Dunkin' Donuts owner Gary Heckel said he has $1 million in payroll going into the community.
"The community has been great to us," Mr. Heckel said. "The city's been great."
So great that he hopes to have a second location within 18 months, he said.
"Something we don't forget about is we have existing businesses in our city that employ people," Mr. Mayes said, explaining how those thriving businesses end up making improvements, like Larry Kent did at the Burger King on Elkcam Boulevard and Lake Helen Osteen Road.
Mr. Kent said it was very difficult to get anything done before Mr. Mayes arrived, but the pendulum has swung the other way.
"People used to refuse to do work in Deltona," Mr. Kent said, adding that the Burger King-renovation process went very smoothly.
Commissioner Denizac's only lamentation is that Dunkin' Donuts and Racetrac have not established locations across from Pine Ridge High, where she works - not as of yet, that is.
"It's not fair," she joked.
Mr. Bowley and Mr. Mayes said eco-tourism is a major contributor to the daytime and lunch crowd the city hopes to garner.
Thornby Park, with its all-inclusive playground and nearly 40 wooded acres, including 1,000 feet of shoreline on the scenic St. John's River, is a "great example" of an outdoor attraction, Mr. Bowley said.
Mr. Mayes said Audubon Park is another site, which will attract residents and daytime visitors.
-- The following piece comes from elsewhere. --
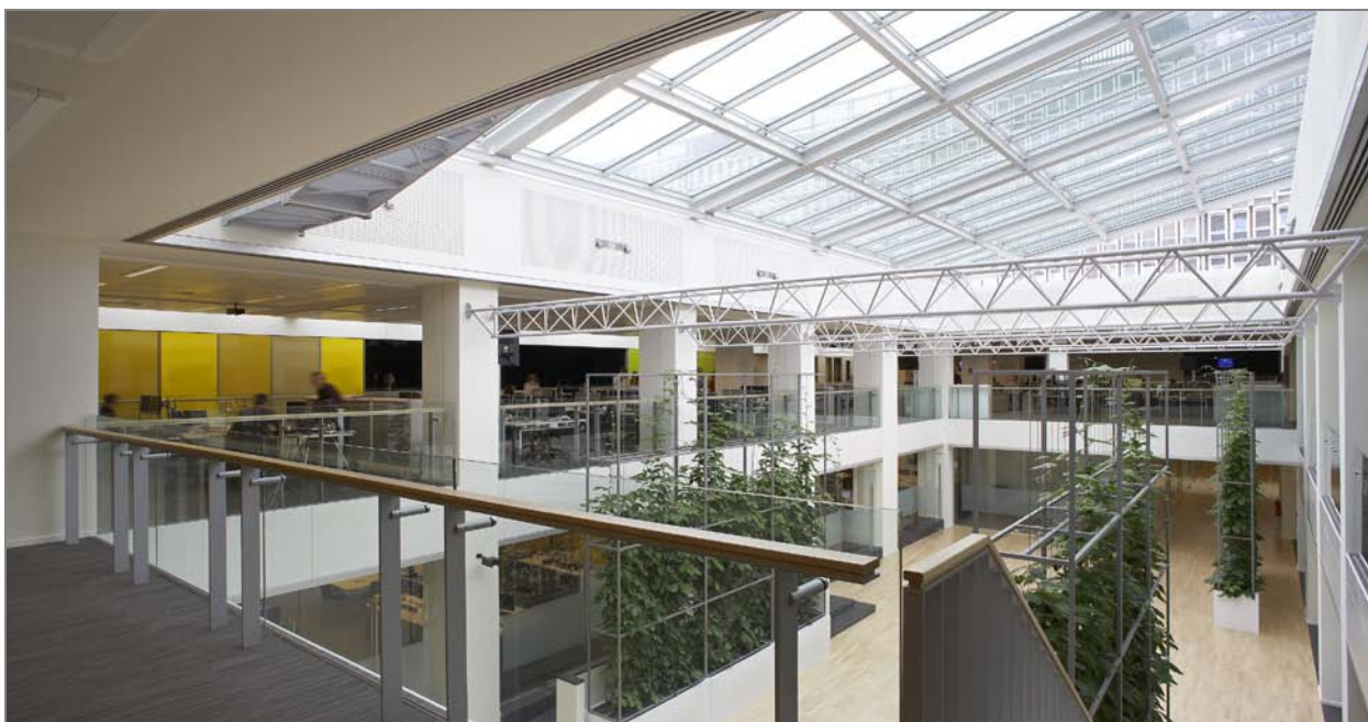
centrale patio, circulatieruimte, daglichttoetreding voor de verschillende kantoor niveaus

"Audubon Park is a passive, recreational facility, featuring nature trails and interpretive venues. As well as being a recreational amenity for the city, the property is also used for stormwater management and natural resource preservation purposes," according to the city's website.
Commissioner Denizac is thrilled with the progress that's been made, including "major improvements in the permitting process."
"If it was up to me, we would have a 'Jerry and Chris Day' here in Deltona," she said.
Is Deltona business-friendly?
"I can assure you, we are," Commissioner Denizac said.